AI-powered video tools are making it easier than ever to turn ideas into dynamic visuals. With just a prompt or an image, creators can now generate animations, transitions, voiceovers—and even entire scenes—without touching a single editing timeline. Tools like Dreamlux are paving the way, letting users produce cinematic results in minutes, no film crew required.
But beyond automation and efficiency, AI is also opening up entirely new creative possibilities.
Step Into the World of AI Bikini Generator
One such example is the growing use of AI Bikini Generator—a niche yet increasingly popular tool in the realm of character design, digital fashion, and visual storytelling. These generators leverage advanced image synthesis models to reimagine characters in stylized swimwear, based on existing artwork, reference images, or text descriptions.
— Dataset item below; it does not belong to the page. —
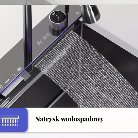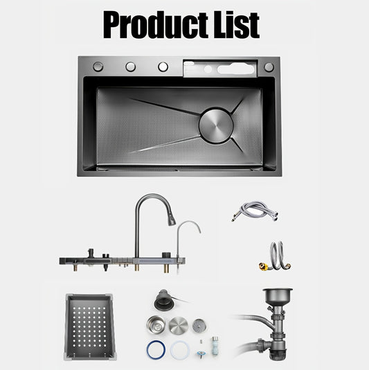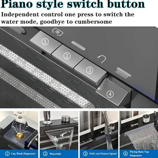 A Single-bowl Design Named 'Whale Rainfall Kitchen Sink' For Halloween And Christmas, Crafted From 304 Nanometre Stainless Steel. Features A Digital Display And Embossed Texture, Complete With Tap. Drainage Outlet Positioned

For designers working on summer-themed campaigns, animation studios crafting seasonal episodes, or game developers designing customizable avatars, AI bikini generators offer a quick and efficient way to explore aesthetic variations without redrawing from scratch.
It’s not just about novelty—it’s about expanding creative flexibility. These tools allow for rapid prototyping of character outfits, exploration of mood and setting, and even stylistic experimentation across different artistic directions.
As AI continues to evolve, it’s not just speeding up workflows—it’s reshaping the entire creative process, giving artists and storytellers more tools to express, iterate, and innovate.
How to use Dreamlux to generate an AI Bikini Video?
Follow these steps to create a stylish AI Bikini Video using Dreamlux.ai:
- Go to the official Dreamlux.ai and click on "Templates"
- Choose "Free AI Bikini Generator" from the available options
- Upload an image of the person or character you want to transform into a beach-ready version
- Click "Create" and let the AI Bikini Generator do the rest—your customized video will be ready in minutes
Dreamlux makes it easy to bring your concept to life with a professional, AI-generated twist.